''Organik Bilgisayarlar'' Yönünde Bir Adım: Fareler İçin Beyinden Beyne Arayüz
Scientific Reports'ta yayımlanan çalışmaya göre araştırmacılar bir çift farenin beyinlerini elektronik olarak bağlayarak farelerin mikroelektrotlar aracılığıyla direkt olarak iletişime geçebilmelerini sağladı. Bu çalışmanın yazarları bu tip bir başarının türünün ilk örneği olduğunu ve bunun birçok hayvandan gelen algısal ve hareketle ilgili verilerin aktarıldığı, biriktirildiği ve işlendiği ilk "organik bilgisayarın" oluşturulması için ilk adım olduğunu düşünüyor.
Fakat beyin-makine arayüzü (BMA) alanında çalışan sinirbilimciler The Scientist'e bu çalışmanın aslında daha önce yapılmış iki yöntemin, yani sinirsel ağdan gelen verilerin kaydıyla çözümü ve sinirsel ateşleme kalıplarıyla dış alıcıları ya da kasları uyarma tekniklerinin bir birleşimi olduğunu söylediler. Karşılık olarak bazı eleştirmenler kontrolün eksikliğini, bazıları da "organik bilgisayarı" mümkün kılma iddialarının pek olası olmadığını öne sürdü.
Northwestern Üniversitesi’nde bir sinirbilimci olan Lee Miller, The Scientist'e yolladığı bir elektronik postada, araştırmacıların sinirsel arayüz alanına birçok önemli katkıda bulunduklarını bildirdi. Miller ayrıca Duke Üniversitesi’nde bir sinirbilimci olan Miguel Nicolelis tarafından yönetilen grubun BMA alanında kritik gelişmelere imza attığını söyledi. Şöyle ekliyor:
Ancak takdir edersiniz ki, eldeki verilere bakınca 'bağlanmış beyin şebekesinin bir Turing makinesinin çözemeyeceği sezgisel problemleri çözmesi' mesajı daha çok bir Hollywood bilim kurgu senaryosundan fırlamış gibi. Emeğin hangi amaçla yapıldığı belli değil.
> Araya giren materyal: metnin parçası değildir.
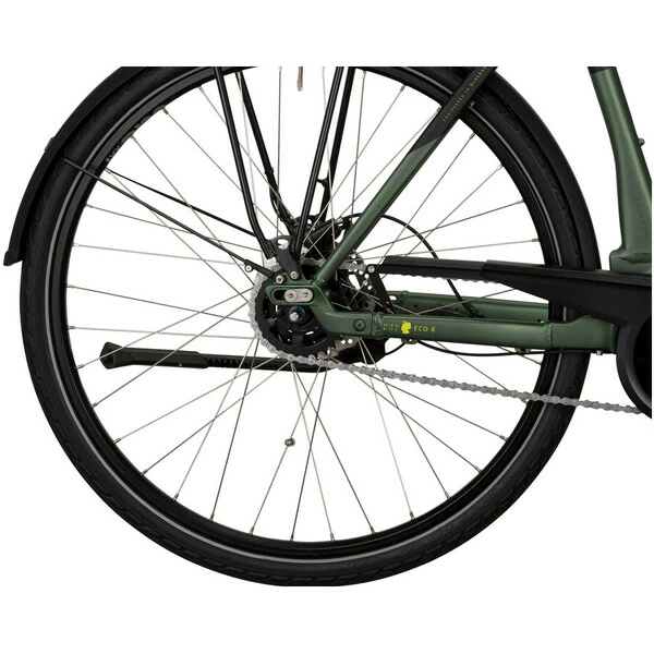 Côté motorisation, l’unité Bosch Performance Line délivre 250 watts de puissance et permet une conduite souple et harmonieuse. Avec ses 4 niveaux d’assistance et sa détection de changement de vitesse, elle est parfaitement adaptée au trafic urbain. Elle est associée à une batterie Bosch de 500 Wh positionnée sur le tube oblique. Fiable, la transmission Shimano Nexus 5 permet quant à elle d’affronter les différents reliefs sans trop forcer sur les pédales grâce à ses 5 vitesses.

Son birkaç yıldaki çalışmalar gösterdi ki beyinden gelen motor sinyaller, mikroelektrotlar yerleştirildiğinde çözülebiliyor ve mekanik veya elektronik cihazların kontrolü için kullanılabiliyor. Bazı gruplar da davranışa bağlı verilerin eş zamanlı olarak alınıp, işlenip, aynı beyne geri verilmesinin mümkün olduğunu gösterdi. Bu araştırmadan yola çıkarak Nicolelis ve meslektaşları bir beynin başka bir beyinden gelen elektriksel uyarı kalıplarını özümseyip kullanamayacağını görmek istedi. Diğer bir deyişle, bir beyinden-beyne arayüz (BBA) inşaa etmek istediler.
Fikri denemek için araştırmacılar, farelere hem sinir şebekelerinden gelen elektriksel aktiviteyi kaydeden hem de sinirleri uyaran mikroelektrotlar yerleştirdi. Kısaca, kortikal sinyal kalıpları bir farede -verici- kaydedildi ve başka bir farenin -alıcı- beynine yollandı.
İlk deneyde araştırmacılar fare çiftlerini eğitti. Deneyde fareler iki kaldıraçtan doğru olana basınca doğru olduğunu gösteren bir ışık yanıyordu ve içmeleri için su veriliyordu. Verici fare doğru kaldıraca basıp ödülü alınca oluşan beyin aktivitesi kaydedilip elektriksel bir uyarıya çevrilip alıcı farenin beynine yollandı. Alıcı fare aynı kaldıraçlarla karşılaşınca onu ödüle götürmesi için verici fareden gelen işaretleri kullanması gerekiyordu. Denemelerde alıcı fareler ilk seferde yüzde yetmiş oranında doğru kaldıracı buldu. Bu performans verilerin başarılı bir şekilde iletildiğini ve anlaşıldığını gösteriyordu.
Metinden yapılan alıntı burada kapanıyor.